Numpy arrays are a powerful data structure that is oprimized for rapid mathematical operations. They form the basis of other data structures in python like the tensor in tensorflow and our next topic, the pandas dataframe. If you are working with purely numerical data, numpy arrays are the best.

# Pandas dataframes



Often when we work with data, we have multiple variables with different data types. While numpy arrays are very flexible for numerical data, it does not work as well with a combination of numerical and categorical data or when you want to have labels for your rows and columns. Pandas is another python library that builds upon numpy and adds the ability to create DataFrames, which are 2D tables with labeled rows and columns. You can think of python DataFrames as spreadsheets from excel or dataframes from R. 

Let's start by learning about the pandas `Series` object. Series are one-dimensional arrays of indexed data. It can be created from a list or a numpy array with the `pd.Series()` function. Run the code block below and observe the differences between a `Series` and a numpy array. 

In [None]:
my_series = pd.Series([1, 2, 3, 4, 5])
my_array = np.array([1, 2, 3, 4, 5])
print(my_series)
print(my_array)


Notice that a series object has an index, which is a label for each element in the series. Numpy has an implicit index for its arrays, but Series objects have an explicit index. It's kind of like a dictionary where the keys are the indices and the values are the data. Similar to a dictionary, you can use `.values` to just get the data back. And you can also use `.index` to get the index labels. 

In [None]:
my_series[2]


In [None]:
my_series.values


In [None]:
my_series.index


Indices don't have to be just numbers. They can be whatever values we want. Although duplicate index values are allowed, it is best to avoid. 

In [None]:
grades_english = pd.Series([90, 88, 91], index = ["Yann", "Xavier", "Zach"])
grades_english


In [None]:
grades_english['Yann']


We can construct dataframes from multiple Series objects. 

In [None]:
grades_math = pd.Series([60, 55, 84], index = ["Yann", "Xavier", "Zach"])
grades = pd.DataFrame({'English': grades_english, 'Math': grades_math})
grades


To add a column to an existing dataframe, you can use the `[]` operator and assign a new series, or use the `pd.concat()` function. 

In [None]:
grades["History"] = [88, 100, 93]
grades


Observe how when I index into the "history" column, an index was added to it!

In [None]:
grades["History"]


## Indexing and slicing a dataframe

Pandas DataFrames are not just indexed by row, but also by column. You can access columns by name using the `[]` operator. If you want to access a row by the index, you can use the `.loc[]` method. Run the code blocks below and note how the indexing returns Series objects in both cases. 

In [None]:
grades.columns


In [None]:
grades["English"]


In [None]:
grades.loc["Yann"]


There are many ways to select subsets of a dataframe. The rows and columns of a dataframe can be referred to either by their integer position or by their indexed name. Typically, for columns, you'll use the indexed name and can just do `[]` with the name of the column. For rows, if you want to use the integer position, you will use `.iloc[]`. If you want to use the index name, you will use `.loc[]`. 

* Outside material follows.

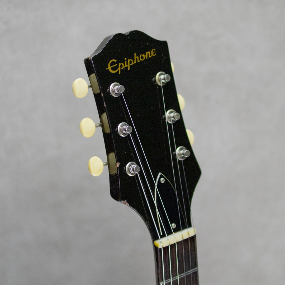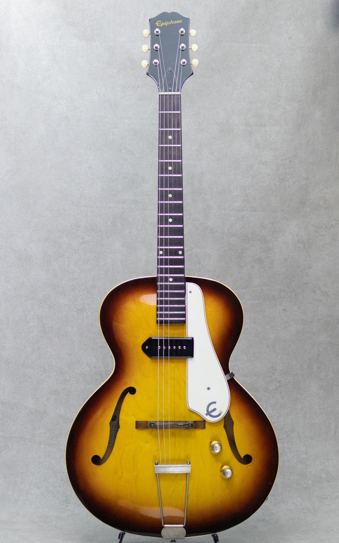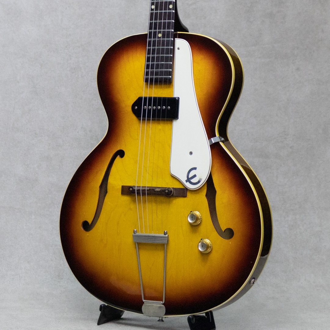 ギリシャ系移民の一家によって始まったEpiphone。20世紀の初めにマンハッタンに居を構えた一家は、マンドリンを始めとした楽器の製造・販売・修理業を住居兼工房の建物で経営し始めます。家業を受け継いだ長男のエパミノンダスは1928年に社名を現在のEpiphoneに改名。1930年代、ブームがバンジョーやアーチトップギターと変遷していく中、ライバルのGibson社としのぎを削りながらも両社は名声を大きくしていきます、しかし大戦中に生産体制に大きくダメージを受けた同社は、その後労働争議等も経て経営的に大きく落ち込む低迷期へと突入。50年代初頭に工房と深く所縁のあったレス・ポール氏はEpiphone救済をGibsonのテッド・マッカーティに進言。1957年同社はGibson傘下となり、翌年には新しいラインナップが展開され新たな道を進むこととなりました。本器は1963年Gibsonカラマズー工場製の一本、E422T "Century"。マホガニーネック/ハカランダ指板/16インチメイプルラミネイトボディ/P-90搭載。GibsonのES-125Tに準じたラインナップで近い仕様のシンボディーアーチトップですが、多くのGibsonのギターと同じく24.75インチ/約628mmのスケールを持つ"125"に対し、本器は25.5インチ/647.7mmのロングスケールで、故のより明るくハリのある軽快な響きが魅力。ジャッジャッと歯切れの良いコードワークは同じアコースティック感を持つES-125と比べても、よりも秀でたポイントと言えるでしょう。乾いた子気味の良い生鳴に、しっかりと押し出し感のあるP-90の組み合わせも抜群。こちら63年製ということもありナット幅42・強のレギュラーネックも魅力。気持ちの良い握り応えで、出音にも安定感のある太い音の芯が感じられます。こちら経年相応の細かな傷、チェッキングなどはあるものの、塗装表面の艶をしっかりと残し、サンバーストの発色も良く外観バッチリの一般。P-90、ポット、"ブラックビューティ"コンデンサ...他各所オリジナルパーツを残しており、コレクタブルなアイテムとしても十分なコンディション。リフレットがされている為、プレイヤビリティも良く、ハイフレットまでノンストレスにお楽しみいただけます。ハードケースが付属。

For reference, here's a handy table on the best ways to index into a dataframe:

|Action|Named index|Integer Position|
|---|---|---|
|Select single column|`df['column_name]`|`df.iloc[:, column_position]`|
|Select multiple columns|`df[['column_name1', 'column_name2']]`|`df.iloc[:, [column_position1, column_position2]]`|
|Select single row|`df.loc['row_name']`|`df.iloc[row_position]`|
|Select multiple rows|`df.loc[['row_name1', 'row_name2']]`|`df.iloc[[row_position1, row_position2]]`|

Just like with numpy arrays, you can use boolean expressions to filter dataframes. In the code block below, we demonstrate how filtering works with dataframes. You can use the `[]` operator or the `.query()` method to filter on boolean expressions. 

In [None]:
grades[grades["English"] > 90] # extract rows that meet the condition where English grade > 90


In [None]:
grades.query("English > 90") # Another way to extract rows based on boolean expressions
# Note that the column name can be used directly inside the quotes. 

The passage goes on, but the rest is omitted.